Я ощущала его холодное дыхание на своей шее, чувствовала, как он водит носом по моей щеке, втягивая запах.
– А я думала, у тебя притупилась чувствительность.
– Если я не пью, это еще не значит, что я не способен оценить букет вина, – шепотом возразил он. – Ты отчетливо пахнешь цветами, кажется, лавандой… или фрезией, – отметил он. – Очень аппетитно.
– Ага, и день прожит зря, если никто ни разу не сказал мне, какой у меня съедобный запах.
Он хмыкнул, потом вздохнул.
– Я решила, чего хочу, – объявила я. – Хочу узнать о тебе еще что-нибудь.
– Спрашивай о чем угодно.
Я мысленно перебрала вопросы в поисках самого насущного.
– Зачем ты это делаешь? – спросила я. – Никак не пойму, как ты можешь всеми силами подавлять… самого себя. Только не пойми меня превратно – конечно, я рада этому. Просто ума не приложу, зачем тебе вообще утруждаться.
Он помолчал.
– Вопрос в самую точку, и ты не первая задаешь его. Другие – большинство подобных мне, кого вполне устраивает наш удел, – тоже нередко задумываются о том, зачем мы так живем. Но видишь ли, даже если нам… выпали такие карты, это еще не значит, что нам нельзя быть выше своей участи, выйти за рамки судьбы, о которой никто из нас не просил. Пытаться сохранить то сугубо человеческое, что еще можно.
Я лежала неподвижно, скованная благоговейным молчанием.

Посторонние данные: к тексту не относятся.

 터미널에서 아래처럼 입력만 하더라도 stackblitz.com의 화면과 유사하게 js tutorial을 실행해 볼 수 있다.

– Спишь? – шепнул он несколько минут спустя.
– Нет.
– Это все, что тебя интересует?
Я закатила глаза.
– Вообще-то нет.
– Что еще ты хочешь узнать?
– Почему ты умеешь читать мысли и почему только ты один? А Элис – видеть будущее? Почему так происходит?

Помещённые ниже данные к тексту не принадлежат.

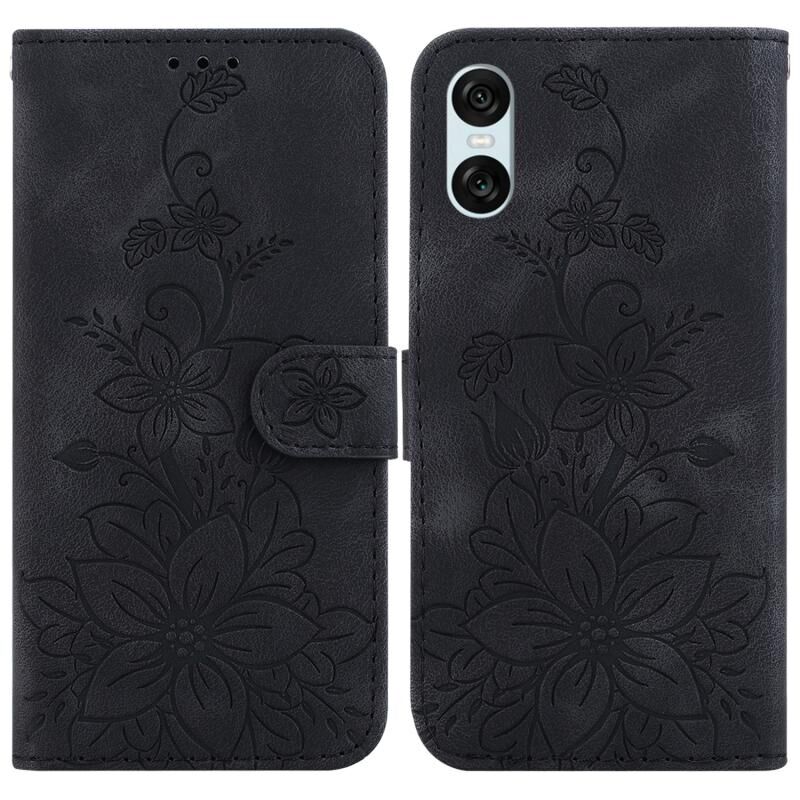 Για Sony Xperia 10 VI Lily ανάγλυφη δερμάτινη θήκη τηλεφώνου (Μαύρο)

Я почувствовала, как в темноте он пожал плечами.
– На самом деле мы не знаем. У Карлайла есть предположение… он считает, что все мы приносим с собой в следующую жизнь самые выраженные качества, которыми мы обладали, будучи людьми, и в итоге они усиливаются – как наш разум и наши чувства. Он полагает, что я и раньше отличался необычной чувствительностью к мыслям окружающих. А Элис пользовалась неким смутным чувством предвидения, где бы она ни жила.
– А что принес в следующую жизнь сам Карлайл и остальные?
– Карлайл – сострадание. Эсме – способность любить пылко и беззаветно. Эмметт – силу, а Розали… упорство. Или, пожалуй, ослиное упрямство, – он хмыкнул. – С Джаспером дело обстоит особенно интересно. Он и в первой жизни был весьма харизматичной личностью, способной влиять на окружающих так, чтобы добиться своего. А теперь он может манипулировать эмоциями всех, кто находится вокруг: успокоить полный зал рассерженных людей, к примеру, или наоборот, взбудоражить апатичную толпу. Это коварный и редкий дар.
Я задумалась, пытаясь осмыслить невероятные вещи, которые услышала от него. Эдвард терпеливо ждал.
– Так с чего же все началось? Я вот о чем: Карлайл создал тебя, его самого тоже кто-то создал, и так далее…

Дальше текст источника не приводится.